Cognitive profiles in dementia

Alzheimer disease vs healthy brain aging

D. K. Johnson, PhD, M. Storandt, PhD, J. C. Morris, MD, Z. D. Langford and J. E. Galvin, MD, MPH

From the Alzheimer Disease Research Center (D.K.J., M.S., J.C.M., J.E.G.) and the Departments of Neurology (D.K.J., J.C.M., J.E.G.), Psychology (M.S.), Pathology and Immunology (J.C.M.), Psychiatry (J.E.G.), and Neurobiology (J.E.G.), Washington University, St. Louis, MO; and Department of Psychology (Z.D.L.), University of Kansas, Lawrence.

Address correspondence and reprint requests to Dr. James E. Galvin, Alzheimer Disease Research Center, Washington University School of Medicine, 4488 Forest Park, Suite 130, St. Louis, MO 63108 galvinj{at}neuro.wustl.edu

Objective: To re-examine proposed models of cognitive test performance that concluded separate factor structures were required for people with Alzheimer disease (AD) and older adults without dementia.
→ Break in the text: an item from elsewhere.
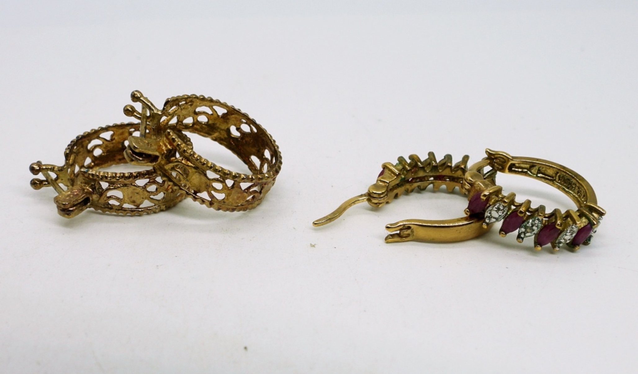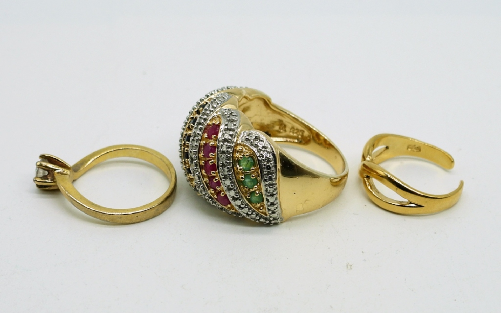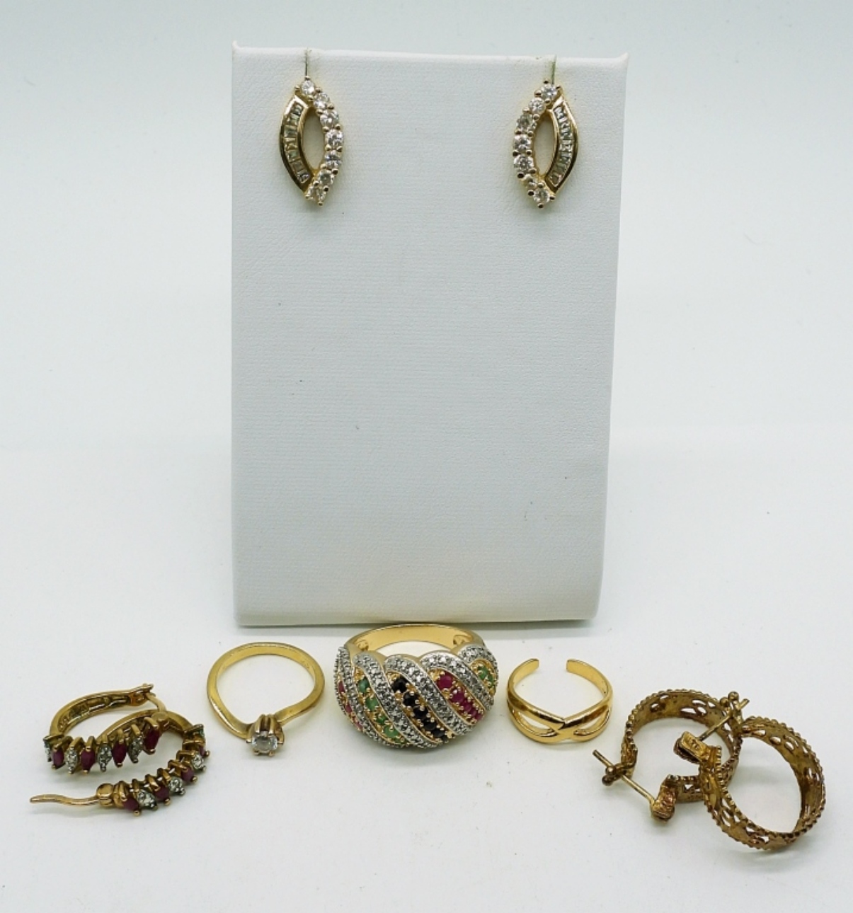 Everything is Gold Tone Sterling Silver. Ring with Ruby, Emerald & Sapphire Gemstones, Size 8. Gold Tone Ring with clear gemstone, Size 4. Tiny size 3 gold tone ring. Three pair of gold tone earrings with gemstones. 15.6 DWT

Methods: Five models of cognitive test performance were compared using multistep confirmatory factor analysis in 115 individuals with autopsy-confirmed AD and 191 research participants without clinical dementia from longitudinal studies at the Washington University AD Research Center. The models were then cross-validated using independent samples of 323 people with clinically diagnosed dementia of the Alzheimer type and 212 cognitively healthy older adults.

Results: After controlling for Alzheimer-specific changes in episodic memory, performance on the battery of tests used here was best represented in people both with and without dementia by a single model of one general factor and three specific factors (verbal memory, visuospatial ability, and working memory). Performance by people with dementia was lower on the general factor than it was by those without dementia. Larger variances associated with the specific factors in the group with dementia indicated greater individual differences in the pattern of cognitive deficits in the stage of AD.

Conclusions: A hybrid model of general and specific cognitive domains simplifies cognitive research by allowing direct comparison of normal aging and Alzheimer disease performance. The presence of a general factor maximizes detection of the dementia, whereas the specific factors reveal the heterogeneity of dementia’s associated cognitive deficits.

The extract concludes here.